Meta's core advertising business is still booming, with its latest earnings report showing record revenue and user growth that handily beat expectations. But the company is funneling its profits into massive, money-losing bets on artificial intelligence and the metaverse, creating a stark contrast between its profitable present and its speculative future.
The money machine: The company’s ad engine is firing on all cylinders, posting a staggering $59.9 billion in Q4 revenue and growing its daily user base to nearly 3.6 billion people. A resilient ad business, which saw impressions jump 18%, continues to fuel Meta’s growth and bankroll its ambitious, long-term projects.

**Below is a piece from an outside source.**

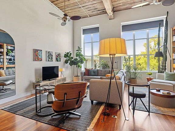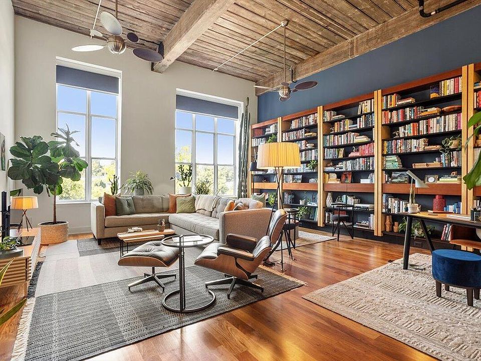 This truly one-of-a-kind historic modern condo stands apart as a rare find in Raleigh! Beautifully reimagined by renowned architect Charles Fulbright Holden. Blending 1890s charm with sophisticated modern design, it features exposed original wood ceiling beams, hardwood floors throughout, and a custom modern entry door unique to this unit. The open living area is anchored by soaring 18-foot ceilings, a dramatic wall of windows overlooking the future Smoky Hollow Park, and architect-designed built-in bookshelves. The kitchen is a stunning blend of old and new, incorporating the historic 1890s freight elevator with exposed brick and archways, high-end appliances, a dedicated filtered water tap, and LED-lit shelving controllable by smartphone. The bedroom includes custom closet systems, modern carpeting, and elegant transom window, while the spa-inspired bathroom offers a luxurious walk-in shower, heated towel warmers, and premium European fixtures—all seamlessly integrated with Apple Home automation. The unit is equipped with a brand-new HVAC system, a tankless water heater, and comprehensive smart home features for lighting and climate control. A dedicated laundry area includes custom built-in storage. With low COA fees (covering water and garbage), 80% owner occupancy, and a vibrant community featuring an active book club, this building offers both lifestyle and value. Residents enjoy amenities such as a large fenced dog park, two outdoor grilling areas, deeded covered parking, and secure storage. The location is walkable to Seaboard Station, Oakwood, Smoky Hollow, and Glenwood South, placing dining, shopping, and entertainment just steps away. Eligible for historic tax credits covering up to 50% of property taxes, this condo is ideal as a sophisticated primary residence or a high-potential rental property.

A costly reality: That ad revenue is crucial, because Meta's metaverse ambitions carry a daunting price tag. The Reality Labs division lost another $6 billion in the fourth quarter alone, pushing its total operating losses since late 2020 to nearly $80 billion, according to a CNBC analysis. The figure is a breathtaking sum for a venture that has yet to achieve mainstream traction.
Superintelligence or bust: Despite the metaverse losses, CEO Mark Zuckerberg is doubling down on futuristic tech with a clear turn toward AI, stating he looks forward to "advancing personal superintelligence." Meta plans to ramp up capital expenditures to as much as $135 billion in 2026—a colossal jump in spending to build out its AI infrastructure and a move that has fueled speculation the company is quietly backing away from its all-in metaverse bet.
Meta is operating as two distinct companies: a wildly profitable social media empire and a deeply unprofitable R&D lab for speculative technology. The core tension for the company remains whether its thriving ad business can sustain its colossal spending on a future that is still years, and billions of dollars, away.